Optimizing extractors through profiling

The Text Analytics Optimizer analyzes an extractor to identify an efficient execution plan. These plans can be further optimized. The Text Analytics Profiler measures the throughput of an extractor as it is run against a data collection and identifies potential performance bottlenecks in the extractor. These bottlenecks indicate AQL rules that might need to be manually tuned to run faster. You can use profile configurations to identify optimizations in your extractors, and you can create and save more than one configuration to profile an extractor in the context of different data collections.

Before you begin

Procedure

  1. Right-click a Text Analytics project, and click Profile As > Profile Configurations.
  2. In the Profile Configurations window, right-click Text Analytics > New in the navigation pane. A new profile configuration is created and selected in the navigation pane, and the Main tab opens in the content pane.
    1. If the project is a modular AQL project, select the list of modules to be profiled.
    2. Select the language of the data collection.
    3. Click Browse Workspace or Browse File System to select the location of the data collection.
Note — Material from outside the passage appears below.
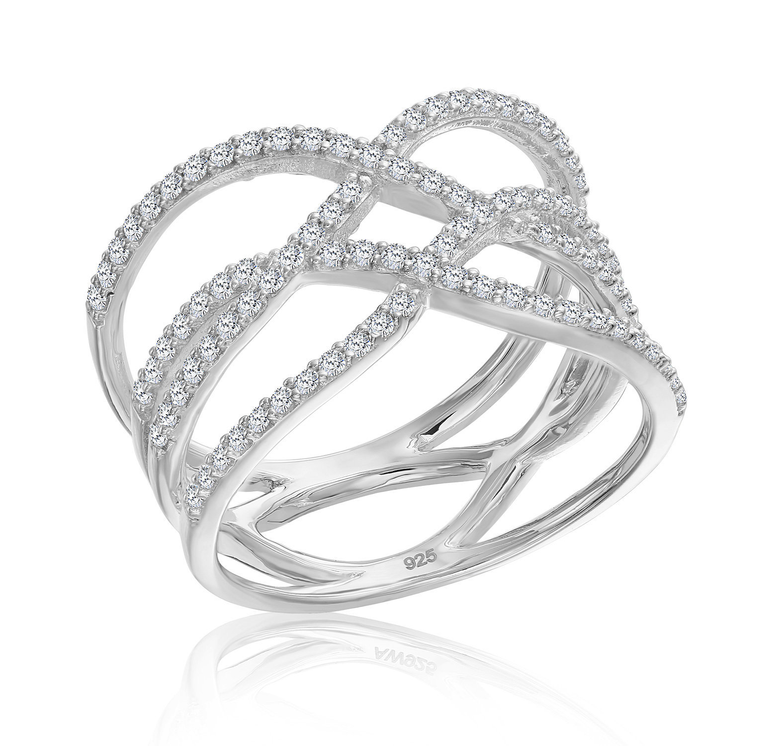 Multi bands of brilliant round CZ intersect each other in a criss-cross design and look stunning. Handcrafted in sterling silver and set with cubic zirconia shimmers for extra shine like diamonds. They're high polished by hand and easy with high-impact shine bright like white gold.

If one or more selected modules require external view data, choose a JSON file of suitable format as explained in Data collection formats.
      CAUTION:
      In the file selection window, if you select the Show All Files check box, ensure that you select a file that conforms to one of the supported formats. Selecting a file that is not a supported format might result in undesirable results.
      Valid formats for the data collection are provided in Data collection formats.
    4. Optional: If you want the Profiler to run for longer than the default value of 60 seconds, select a Minimum time to run, which is the recommended minimum running time. Select a value that allows the Profiler to run for long enough that it can collect performance data that is commensurate with the size of the data collection.
  3. The Text Analytics run configuration has two more tabs: External Tables and External Dictionaries. If the project is a modular AQL project and contains external dictionaries or external tables, they are listed in these tabs. You can pass data to the external artifacts that are declared in the extractor. For more information, see the External tables and External dictionaries tabs in the Text Analytics run configuration.
  4. Click Profile to profile the AQL code. For the duration specified in Minimum time to run, the Profiler runs through the entire data collection multiple times, and the results are displayed in the Profiler View.
    Note: The Profiler never stops running in the middle of a data collection. Therefore, even if the Minimum time to run value is elapsed, the Profiler continues to run through the entire data collection.
  5. Use the Profiler output to tune the extractor. For details about the Profiler output and how to tune the extractor, see AQL Profiler reports.